The Lord taught me that when I was crucified on the cross with Christ, as Gal. 2:20 had told me for so long, I died to myself as my point of reference. He living in me was my point of reference. He would live His life through me, as me. Has He revealed that to you? If He hasn’t, He wants to, because that’s the good news. That’s the good news.”

The Christian life—an abundant life given by God—is all about resting in and living out his Spirit, a constant, minute-by-minute trust in a God who loves us beyond imagination. When we cease trying to measure up and instead rest in God’s love and the wide open spaces of his Kingdom, transformation begins to happen. That’s when, like the businessman, we start living by that oh-so-amazing grace.

What can we do to start living by grace and the Spirit instead of playing the “point game”? God’s designed some ways to cooperate with him in transforming our minds and hearts (what many call “spiritual disciplines”). For example, read (and read and read) the Word—it’s God’s revelation of himself and the way he and the world works. Turn off the TV or ipod to listen to and talk with God. Meet regularly with a Christian brother or sister, with whom you confess where you’re struggling and messing up—and encourage each other with the Word and truth.
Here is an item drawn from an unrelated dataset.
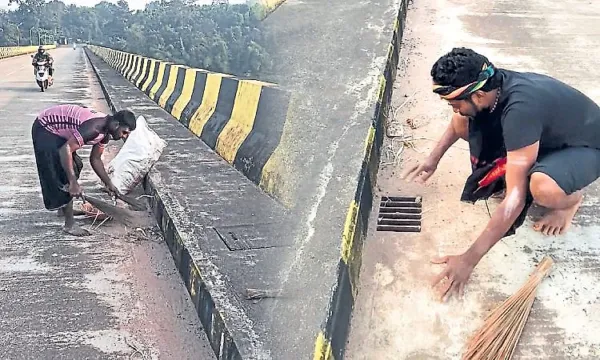 Satish Arruvara and Akshay K.V. Bareppadi, residents of Kudmaru village in Kadaba taluk, are raising awareness about the necessity of a clean environment and the role of the public by picking up litter at roadsides, bridges, and places where fairs and festivals are held.
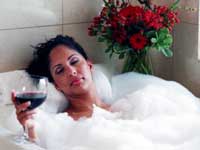 3.To set your mood listen to your favorite music by Setting up an ipod with speakers in the bathroom. One with a remote control.

These actions, in and of themselves, don’t change us; they aren’t another point system to tally up. These disciplines, however, are a means to grace. They are ways God’s designed for us to open up to him, to focus our minds and hearts on him, to remind and teach us to trust and live out of his Spirit. God then uses that trust and openness to transform us to be more like Jesus. And that’s a sweet taste of heaven.

Which is much better than playing the point game, don’t you think?